[SUPPLIED MATERIAL Boundary: Start]

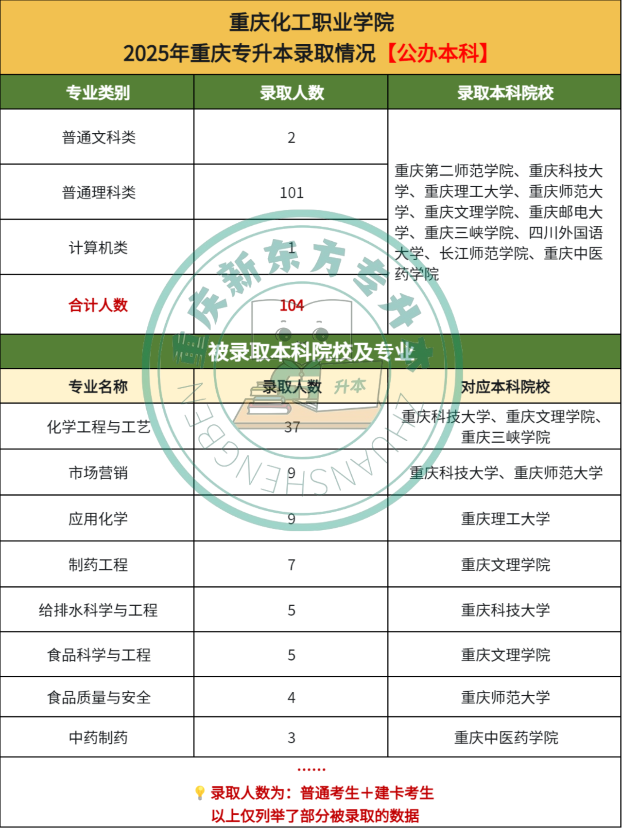 在2025年重庆市普通高校专升本考试中,根据各公办本科院校的录取公示名单来看,有10所公办本科录取了重庆化工职业学院的同学,合104人
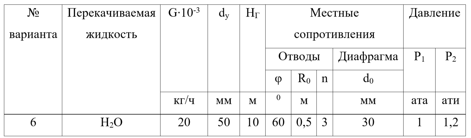 1 – расходная емкость; 2 – приемная емкость; 3 – вентиль нормальный; 4 – отвод радиусом изгиба R и углом φ; 5 – диафрагма диаметром do; 6 – центробежный насос
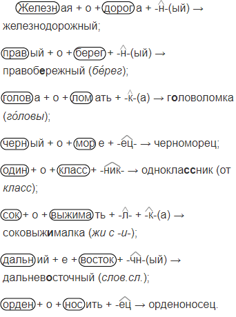 (Железно) дорожный, (право) б..режный, (г..лово) ломка, (черно) морей, (одно) клас..ник, (соко) выж..малка, (дальне) в..сточный, (ордено) носец.
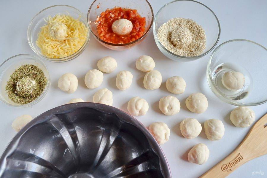Разделите хлебное тесто на части, количество не имеет значения. Каждую часть теста скатайте в шарик.

[SUPPLIED MATERIAL Boundary: End]

THE PROBLEM:
The data above should be returned in full, exactly as written, apart from its images.

WRITTEN RESPONSE:
 在2025年重庆市普通高校专升本考试中,根据各公办本科院校的录取公示名单来看,有10所公办本科录取了重庆化工职业学院的同学,合104人
 1 – расходная емкость; 2 – приемная емкость; 3 – вентиль нормальный; 4 – отвод радиусом изгиба R и углом φ; 5 – диафрагма диаметром do; 6 – центробежный насос
 (Железно) дорожный, (право) б..режный, (г..лово) ломка, (черно) морей, (одно) клас..ник, (соко) выж..малка, (дальне) в..сточный, (ордено) носец.
Разделите хлебное тесто на части, количество не имеет значения. Каждую часть теста скатайте в шарик.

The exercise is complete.